Пошелестев купюрами, Виктор вытянул десятитысячную и пятитысячную банкноты. Сколько там портвейн сейчас? И вообще…
Кляня себя за несообразительность, он поднялся, расколупал узкую форточку окна и, запуская в комнату стылый весенний воздух, спросил:
— Тебе сколько нужно-то?
Елоха, усевшийся на лавку, вкопанную у дома, подскочил к окну. На кепке таяла снежная гусеница.
— Так, Палыч, сколько не жалко.
— Ты мне конкретно…
— Может, добьем до ста?

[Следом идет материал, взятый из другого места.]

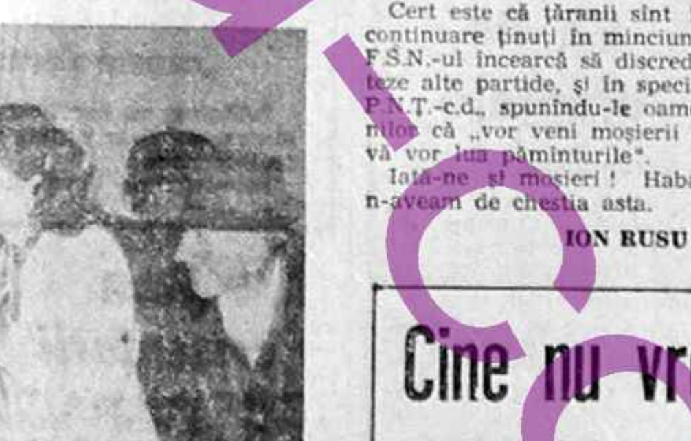
In urma dezbaterilor, țărâni s-au procopsit cu un proces verbal. Noul primar al comunei îl ascultă cu atenție
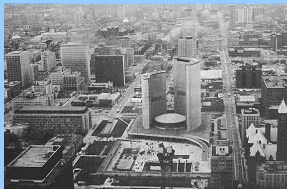
Foto van City Hall in het centrum van Toronto

ningsconcert in Grand Rapids op 21 april werd door meer dan 2500 mensen bezocht. Zeker zeshonderd mensen moesten wegens plaatsgebrek onverrichterzake naar huis terug. Onder hen waren er die zeker zes uur hadden moeten rijden...
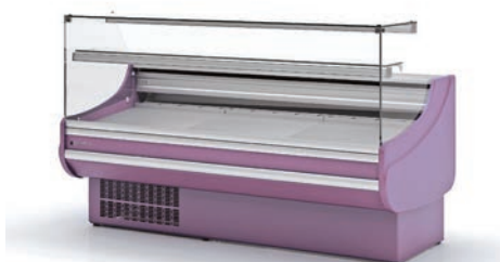
lacado total total lacquered
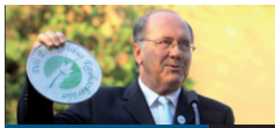
SULINYITÁNY 3. oldal

Az új kerületi sportkoncepció ugyan csak december végére lesz teljes, de szeptember 24-én izéltőt kaphatunk a tervekben, amikor a Bókay Kertben a kerület sportegyesületei bemutatókat tartanak, tanácsadással segítik a sportágválasztást, amelyet az is előmozdíthat, hogy több mint tucatnyi sportágot lehet ezen a napon kipróbálni a parkban.
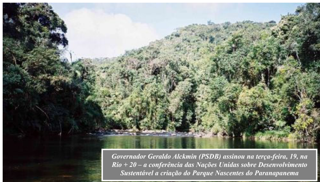
Governador Geraldo Alckmin (PSDB) assinou na terça-feira, 19, na Rio + 20 – a conferência das Nações Unidas sobre Desenvolvimento Sustentável a criação do Parque Nascentes do Paranapanema

Calcula-se a existência de apenas 250 indivíduos entre os Estados do Paraná, São Paulo e Rio de Janeiro, a maioria na área do mosaico. O levantamento da fauna mostrou a presença de 50 espécies ameaçadas de mamíferos, entre eles o cachorro do mato-vi-nagre e o veado-bororó, o cervídeo mais raro do Brasil, e 450 de aves, uma das maiores diversidades do mundo.
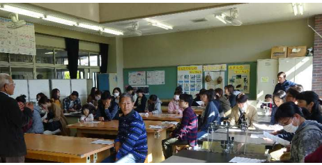
【小学校保護者の皆さんとの意見交換会模様】

発行者:吉川まちづくり自治協議会 ☎082-429-1879(吉川地域センター内) yoshikawajitikyo@outlook.jp
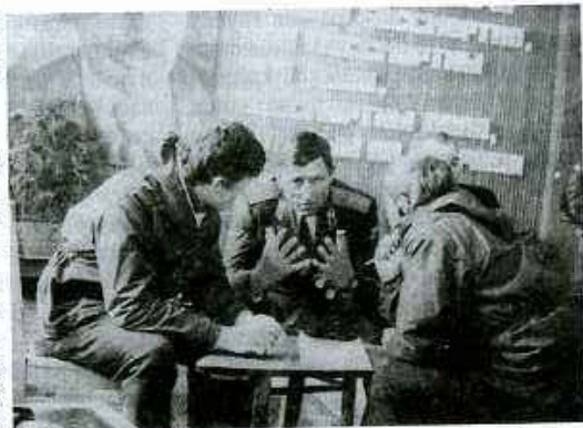
Члены экспедиции в с. Тоцком, в воинской части

лось. А кроме этого мы читали лекции, проводили беседы в школах, ГПТУ, Домах культуры. Темы лекций актуальны — о подвиге комсомольцев Оренбуржья в годы войны. Как пригодились первые встречи с ветеранами!
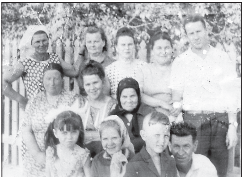
Престольный праздник, д. Скоково, 1960-е годы.
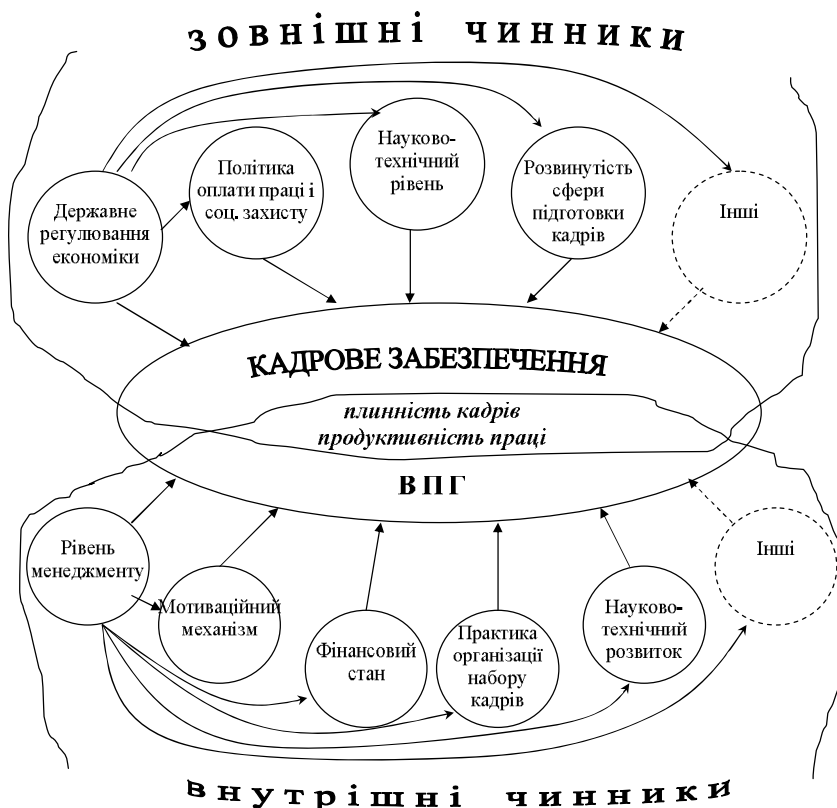
Рис. 2. Чинники кадрового забезпечення ВПП

Отже, у країнах-членах Європейського Союзу склалися більш сприятливі умови для ефективного забезпечення кадрами суб'єктів господарювання у видавничо-поліграфічній сфері. З наведеної загальної характеристики спільних рис видно, що як зовнішні, так і внутрішні чинники кадрового забезпечення (рис. 2) в Україні синергетично впливають на розвиток ВПП в значно меншій мірі, ніж в Європейських державах. Якщо за першими 3–4 ознаками Україну можна долучити до європейського досвіду, то за іншими — вона відстає.
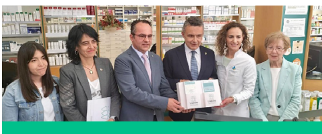
Con Conrado Escobar, alcalde de Logroño.

Cada 20 días pasan por la farmacia riojana el equivalente a toda la población de nuestra comunidad. Esta confianza nos coloca en una posición única: cada visita es una oportunidad para escuchar, acompañar y tender una mano.
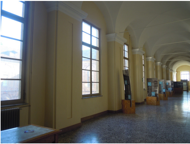
Corridoio del convento (arch. Giovanni Amedeo Galletti, 1780 circa)
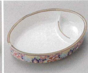
27820-671 藍花舞小判型仕切り鉢 1,650円 (19×14×4cm)
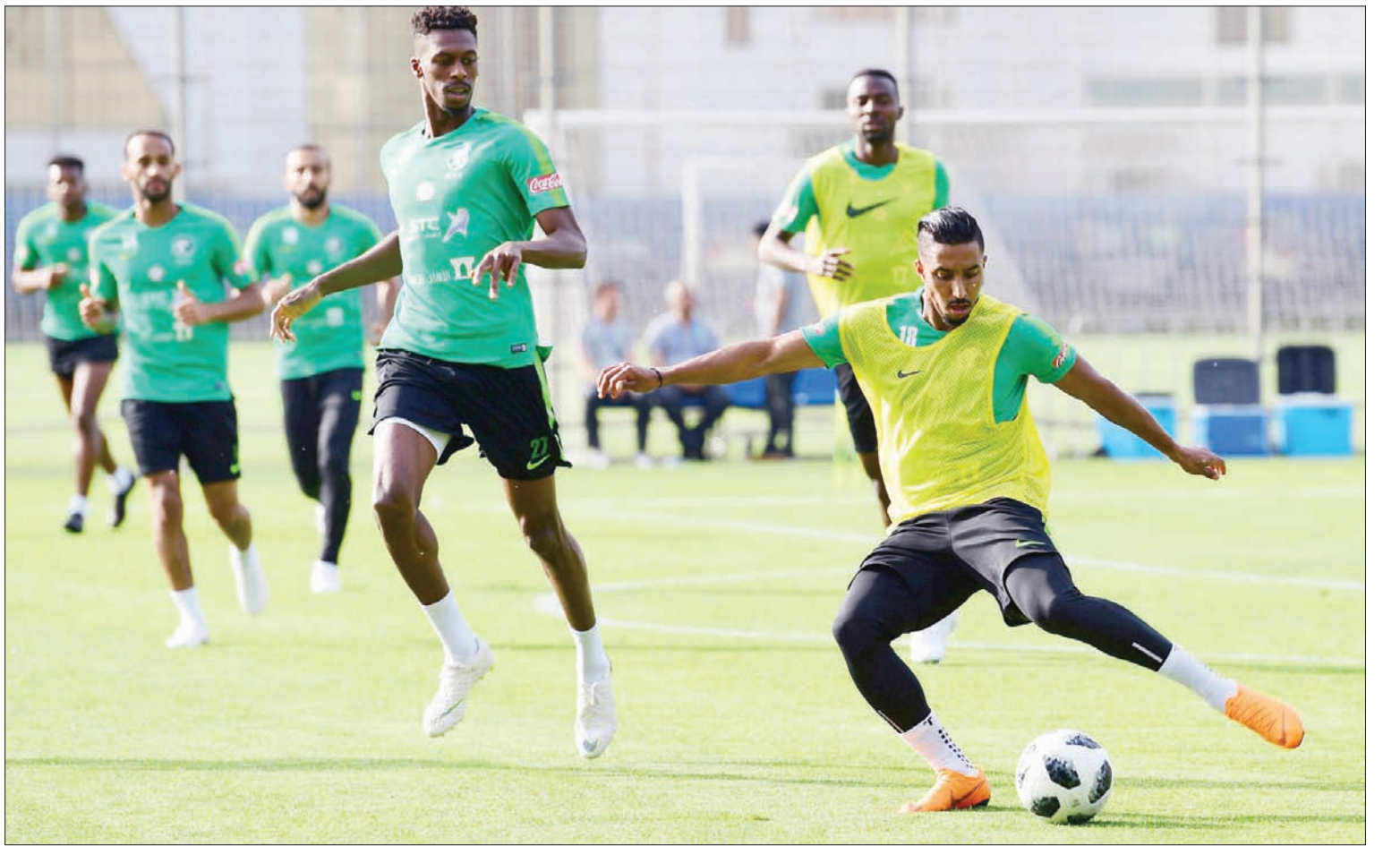
من تدريبات المنتخب السعودي في روسيا أمس (الشرق الأوسط)
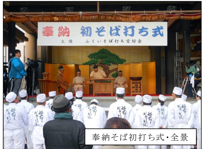
奉納そば初打ち式・全景
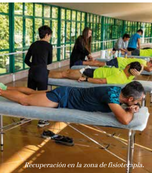
Recuperación en la zona de fisioterapia.
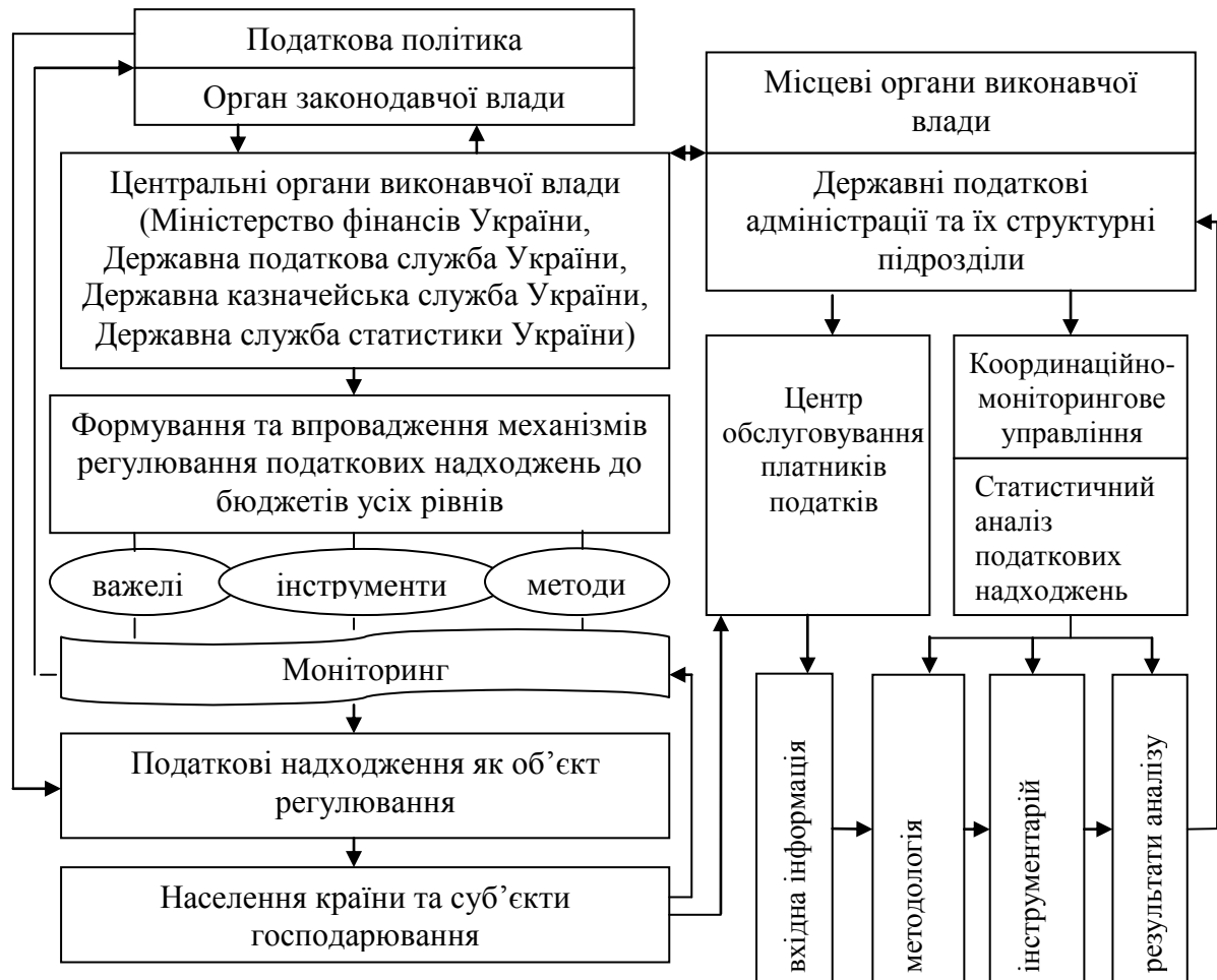
Рис. 1. Роль статистичного аналізу у процесі державного регулювання податкових надходжень

Визначено сутність податків, як об'єкта статистичного аналізу, їх функції, роль у якості фінансового регулятора економіки країни. Обґрунтовано необхідність повсякчасного проведення статистичного аналізу податкових надходжень до бюджету та оновлення методики його проведення (рис. 1).

Круглое число.
— А отдавать когда?
— Ну, Палыч… — Елоха обиженно моргнул. — Я по возможности. Я завтра у тебя… С самого утра, раненько. Солнышко встанет, а я уже.
— Сколько портвейн стоит?
Елоха шмыгнул носом.
— Подорожал. Надежда говорит, девять триста.
— Сейчас.
Виктор захлопнул форточку. Впрочем, откладывать обратно пятитысячную не стал. Тетрадь на столе от свежести дрогнула листом, напомнила, что циферки надо бы записать. Учет-с. Хотя, наверное, бесполезный.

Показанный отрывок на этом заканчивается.